US 12,265,890 B2
Extracted model adversaries for improved black box attacks
Naveen Jafer Nizar, Chennai (IN); and Ariel Gedaliah Kobren, Cambridge, MA (US)
Assigned to Oracle International Corporation, Redwood Shores, CA (US)
Filed by Oracle International Corporation, Redwood Shores, CA (US)
Filed on Dec. 9, 2020, as Appl. No. 17/115,941.
Prior Publication US 2022/0051134 A1, Feb. 17, 2022
Int. Cl. G06N 20/00 (2019.01); G06F 18/2113 (2023.01); G06F 18/214 (2023.01); G06F 18/22 (2023.01)

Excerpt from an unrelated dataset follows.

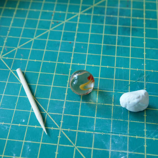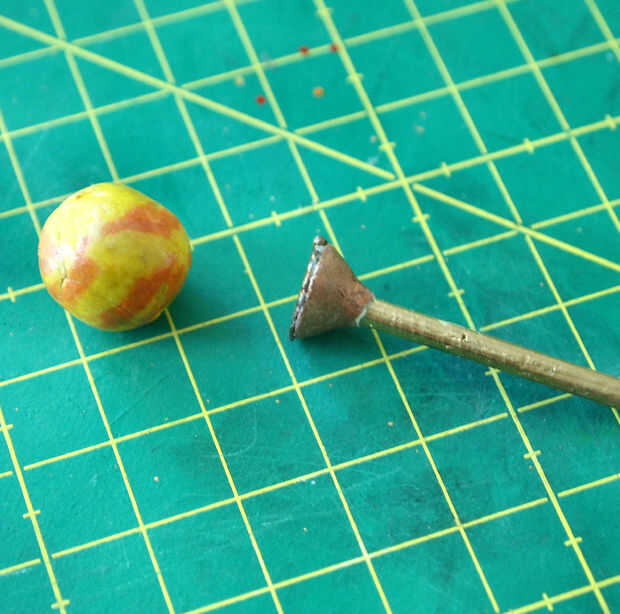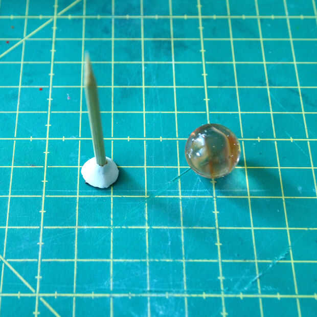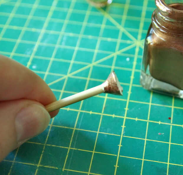 Luego pega el sol al pedestal y había pintado el pincho de bambú con pintura de oro.
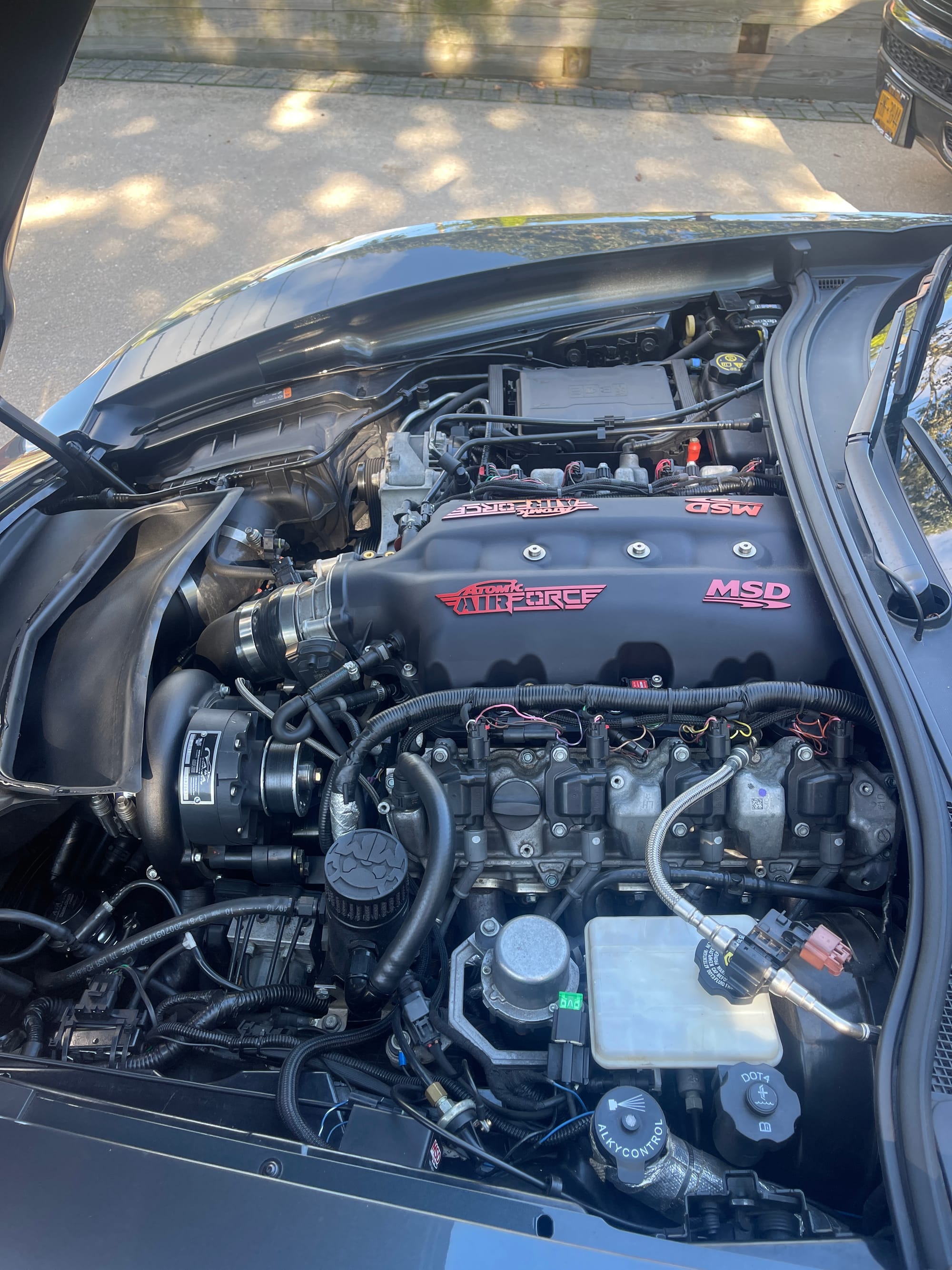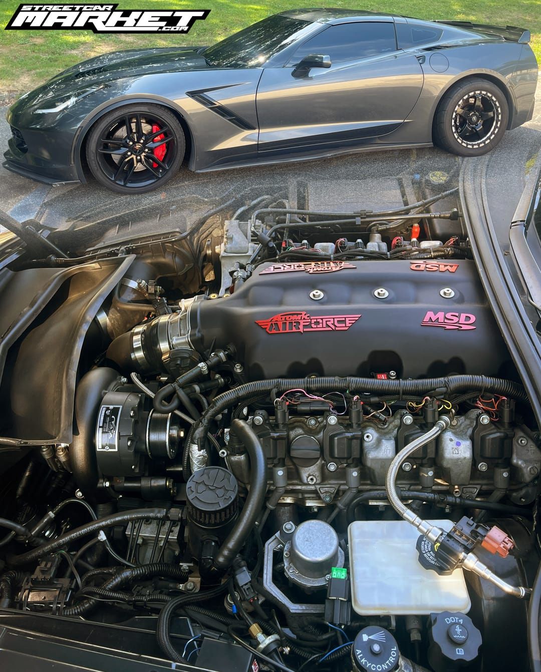 870whp 2018 Chevrolet Corvette Stingray 2LT in Watkins Glen Gray with 28,000 miles for sale! This C7 packs a built LT1 that’s paired with an A&A YSi supercharger, a solid combination that’s kicking out a startling 870whp. The LT1’s bottom end was strengthened with the installation of Texas Speed pistons and rods, followed by a handful of top end upgrades. The fuel system consists of a LT4 HPFP, DSX low side, flex fuel sensor, and a set of LT4 fuel injectors. The drivetrain has been upgraded as well, beginning with the factory Tremec TR-6070 7-speed manual transmission which was matched with a McLeod RXT twin disc clutch/steel flywheel, followed by a DSS aluminum driveshaft/axles. Additional key components include 2” American Racing headers, Borla S-Type exhaust, Alky Control dual nozzle methanol injection kit, Carlyle Racing 17” conversion, and several aesthetic upgrades. Modifications were installed by Petrolwerks, and tuning was handled by JTM Motorsports. All stock parts will be included as well! There are currently around 7K miles on the build with receipts for the work that was performed! Clean title!

CPC G06N 20/00 (2019.01) [G06F 18/2113 (2023.01); G06F 18/214 (2023.01); G06F 18/22 (2023.01)] 22 Claims
OG exemplary drawing
 
1. One or more non-transitory machine-readable media storing instructions which, when executed by one or more processors, cause:
executing a first plurality of queries on a first model to obtain a first set of results corresponding to the first plurality of queries;
generating training data comprising the first plurality of queries and the first set of results corresponding to the first plurality of queries;
applying the training data to train a second model to generate a second set of results in response to a second plurality of queries, the second set of results meeting one or more similarity criteria to a third set of results for the second plurality of queries generated by the first model;
modifying informational content for query execution to include a first set of one or more adversarial perturbations;
executing a query on the second model to generate a fourth set of results based on the modified informational content comprising the first set of one or more adversarial perturbations;
determining that k highest ranked results in the fourth set of results are incorrect; and
responsive to determining that the k highest ranked results in the fourth set of results are incorrect, identifying the query for analysis or improvement of the first model.